4

I need to implement a queue of requests which can be populated from multiple threads. When this queue becomes larger than 1000 completed requests, this requests should be stored into database. Here is my implementation:

public class RequestQueue
{
    private static BlockingCollection<VerificationRequest> _queue = new BlockingCollection<VerificationRequest>();
    private static ConcurrentQueue<VerificationRequest> _storageQueue = new ConcurrentQueue<VerificationRequest>();

    private static volatile bool isLoading = false;
    private static object _lock = new object();

    public static void Launch()
    {
        Task.Factory.StartNew(execute);
    }

    public static void Add(VerificationRequest request)
    {
        _queue.Add(request);
    }

    public static void AddRange(List<VerificationRequest> requests)
    {
        Parallel.ForEach(requests, new ParallelOptions() {MaxDegreeOfParallelism = 3},
            (request) => { _queue.Add(request); });
    }


    private static void execute()
    {
        Parallel.ForEach(_queue.GetConsumingEnumerable(), new ParallelOptions {MaxDegreeOfParallelism = 5}, EnqueueSaveRequest );
    }

    private static void EnqueueSaveRequest(VerificationRequest request)
    {
        _storageQueue.Enqueue( new RequestExecuter().ExecuteVerificationRequest( request ) );
        if (_storageQueue.Count > 1000 && !isLoading)
        {
            lock ( _lock )
            {
                if ( _storageQueue.Count > 1000 && !isLoading )
                {
                    isLoading = true;

                    var requestChunck = new List<VerificationRequest>();
                    VerificationRequest req;
                    for (var i = 0; i < 1000; i++)
                    {
                        if( _storageQueue.TryDequeue(out req))
                            requestChunck.Add(req);
                    }
                    new VerificationRequestRepository().InsertRange(requestChunck);

                    isLoading = false;
                }
            }
        }            
    }
}

Is there any way to implement this without lock and isLoading?

Panagiotis Kanavos
  • 120,703
  • 13
  • 188
  • 236
madmanul
  • 420
  • 4
  • 14
  • Why don't you want to use lock?
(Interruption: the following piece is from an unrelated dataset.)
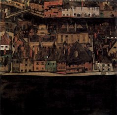 Una gran fotografía de cuerpo entero del artista delante de un espejo al inicio de la exposición, es la primera pista acerca de cuál es la esencia de lo que luego vamos a ver, que no es otra, que esa particular y atormentada mirada con la que Schiele observa el mundo. Ese universo convulso que recorre los días de su existencia, se inician en el Leopold Museum con su superpuesta capacidad para dotar a las casas de una vida que al natural no tienen, transformando su linealidad en una superposición de objetos que reclaman nuestra atención no sólo por la fuerza que desprenden los colores con los que los ha pintado, sino también, por esa ausencia de perspectiva, dejándonos indefensos ante esa única y nueva imagen tan distinta a la real, que en este caso, juega a enseñarnos la realidad desde un punto de vista que no conocíamos. Sus construcciones, por tanto, se desenvuelven como formas superpuestas que intentan transmitirnos esa capacidad de fuerza y tenebrismo que también conjuga Schiele en sus paisajes arquitectónicos.

I mean it seems not affect perfomance in any way in this case. – Evk Oct 01 '16 at 16:50
  • I agree, but maybe there is a better way. Also i'm not sure that i implement locking with isLoading correctly – madmanul Oct 01 '16 at 17:16
  • Why do you even need `isLoading`? What would change if you simply remove it? – zerkms Oct 01 '16 at 22:37
  • to prevent waiting of lock when we've already started storing – madmanul Oct 01 '16 at 22:43
  • 3
    Use TPL Dataflow: https://msdn.microsoft.com/en-us/library/hh194745(v=vs.110).aspx – Ian Mercer Oct 01 '16 at 23:43
  • Why do you even have two concurrent data structures? Just have a single thread doing the reading, when it gets to 1000 elements or when the list is full in a local List it can output the current list. – Ian Mercer Oct 01 '16 at 23:45

1 Answers1

5

The easiest way to do what you ask is to use the blocks in the TPL Dataflow library. Eg

var batchBlock = new BatchBlock<VerificationRequest>(1000);
var exportBlock = new ActionBlock<VerificationRequest[]>(records=>{
               new VerificationRequestRepository().InsertRange(records);
};

batchBlock.LinkTo(exportBlock , new DataflowLinkOptions { PropagateCompletion = true });

That's it.

You can send messages to the starting block with

batchBlock.Post(new VerificationRequest(...));

Once you finish your work, you can take down the entire pipeline and flush any leftover messages by calling batchBlock.Complete(); and await for the final block to finish:

batchBlock.Complete();
await exportBlock.Completion;

The BatchBlock batches up to 1000 records into arrays of 1000 items and passes them to the next block. An ActionBlock uses 1 task only by default, so it is thread-safe. You could use an existing instance of your repository without worrying about cross-thread access:

var repository=new VerificationRequestRepository();
var exportBlock = new ActionBlock<VerificationRequest[]>(records=>{
               repository.InsertRange(records);
};

Almost all blocks have a concurrent input buffer. Each block runs on its own TPL task, so each step runs concurrently with each other. This means that you get asynchronous execution "for free" and can be important if you have multiple linked steps, eg you use a TransformBlock to modify the messages flowing through the pipeline.

I use such pipelines to create pipelines that call external services, parse responses, generate the final records, batch them and send them to the database with a block that uses SqlBulkCopy.

VMAtm
  • 27,943
  • 17
  • 79
  • 125
Panagiotis Kanavos
  • 120,703
  • 13
  • 188
  • 236